DATA EXTRACT:

*****

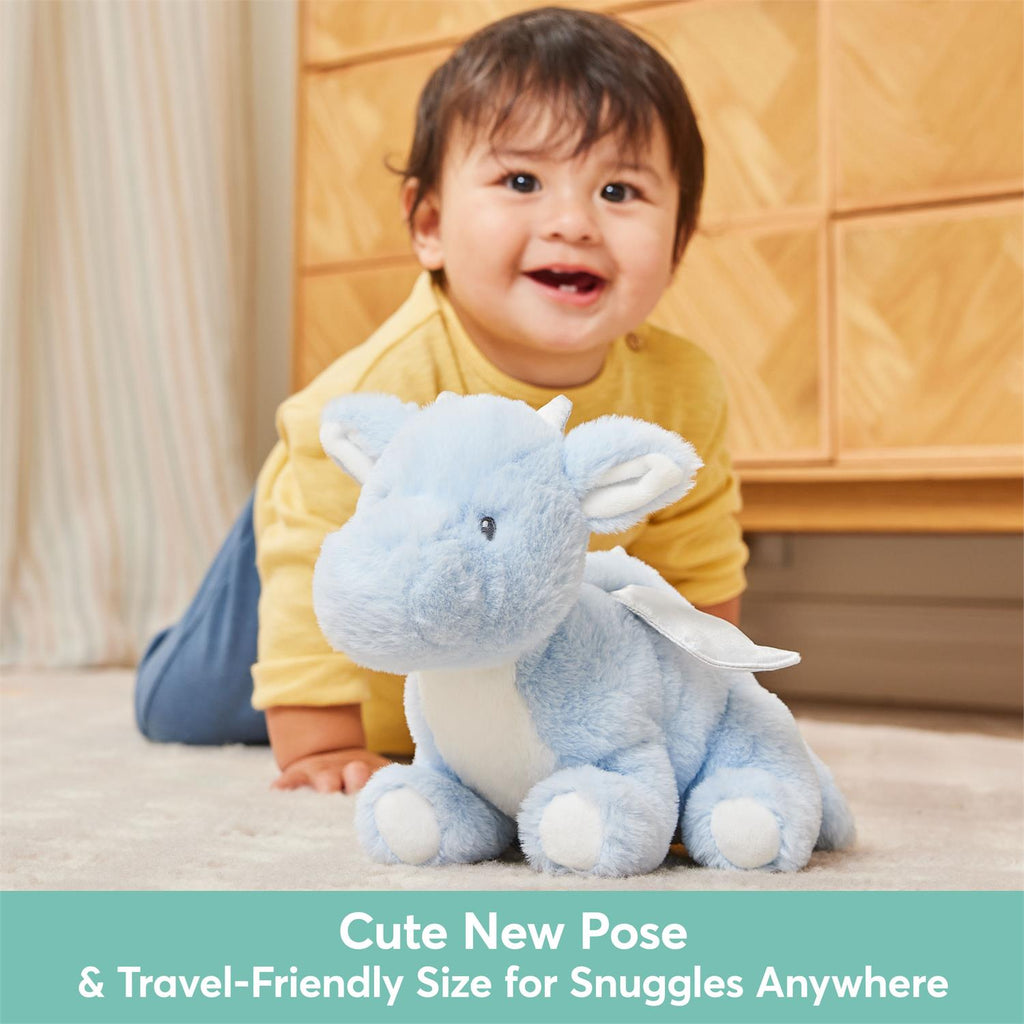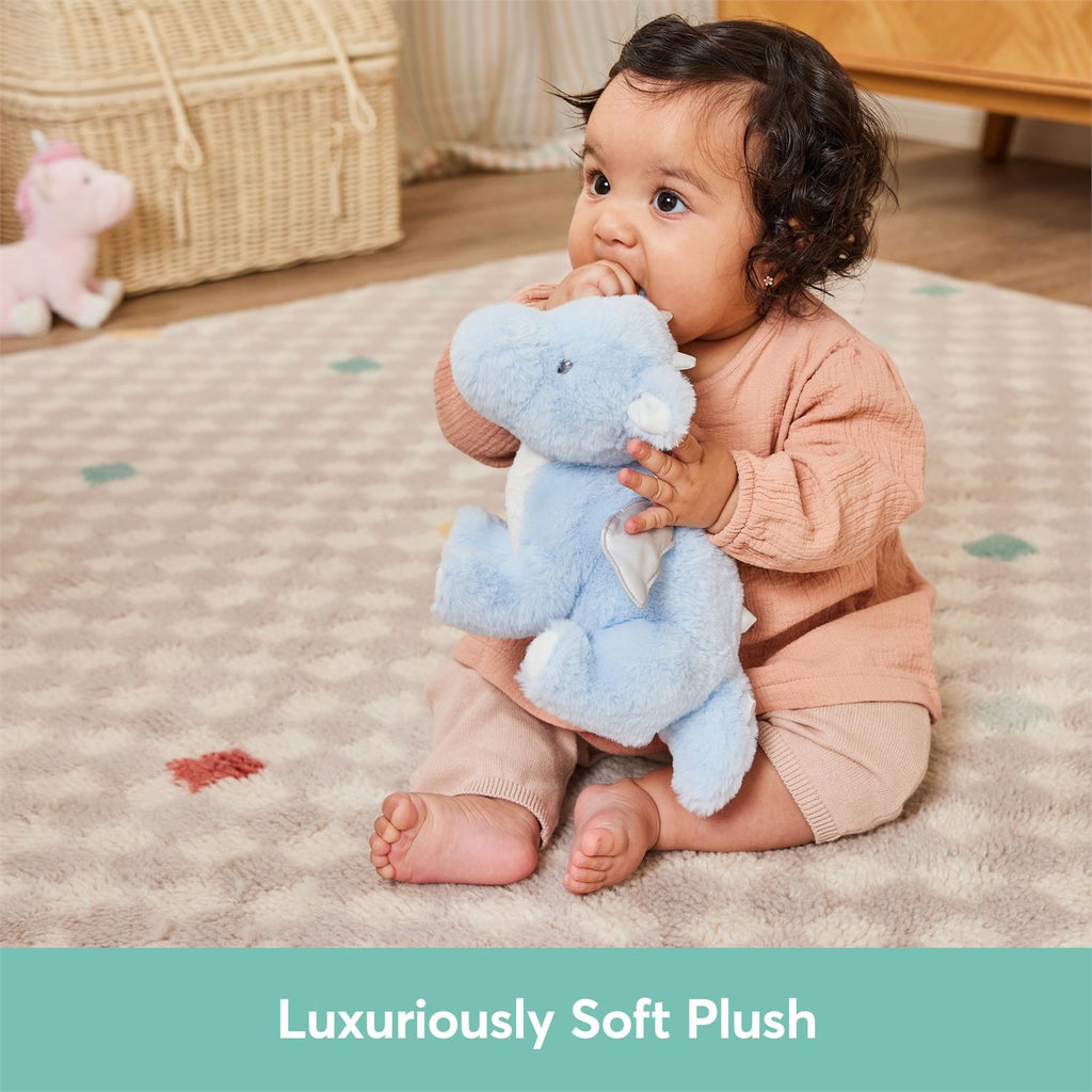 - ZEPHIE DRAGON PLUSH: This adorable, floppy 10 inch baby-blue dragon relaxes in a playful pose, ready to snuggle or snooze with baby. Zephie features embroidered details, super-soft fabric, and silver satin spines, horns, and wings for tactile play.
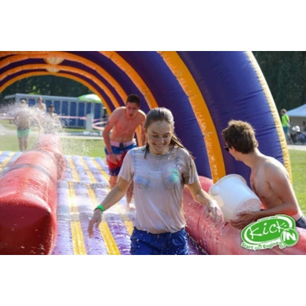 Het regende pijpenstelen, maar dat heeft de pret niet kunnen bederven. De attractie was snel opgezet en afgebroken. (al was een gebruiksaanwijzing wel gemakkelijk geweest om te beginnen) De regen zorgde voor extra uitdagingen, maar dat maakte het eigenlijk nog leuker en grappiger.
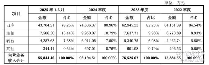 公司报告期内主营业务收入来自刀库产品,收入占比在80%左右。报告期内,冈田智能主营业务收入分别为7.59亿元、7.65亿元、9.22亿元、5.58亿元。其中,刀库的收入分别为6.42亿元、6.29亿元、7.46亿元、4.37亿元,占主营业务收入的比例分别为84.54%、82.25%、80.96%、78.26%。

*****

TASK DIRECTIONS: Word-for-word transcript, pictures excluded: copy all the material above.

YOUR RESPONSE:
 - ZEPHIE DRAGON PLUSH: This adorable, floppy 10 inch baby-blue dragon relaxes in a playful pose, ready to snuggle or snooze with baby. Zephie features embroidered details, super-soft fabric, and silver satin spines, horns, and wings for tactile play.
 Het regende pijpenstelen, maar dat heeft de pret niet kunnen bederven. De attractie was snel opgezet en afgebroken. (al was een gebruiksaanwijzing wel gemakkelijk geweest om te beginnen) De regen zorgde voor extra uitdagingen, maar dat maakte het eigenlijk nog leuker en grappiger.
 公司报告期内主营业务收入来自刀库产品,收入占比在80%左右。报告期内,冈田智能主营业务收入分别为7.59亿元、7.65亿元、9.22亿元、5.58亿元。其中,刀库的收入分别为6.42亿元、6.29亿元、7.46亿元、4.37亿元,占主营业务收入的比例分别为84.54%、82.25%、80.96%、78.26%。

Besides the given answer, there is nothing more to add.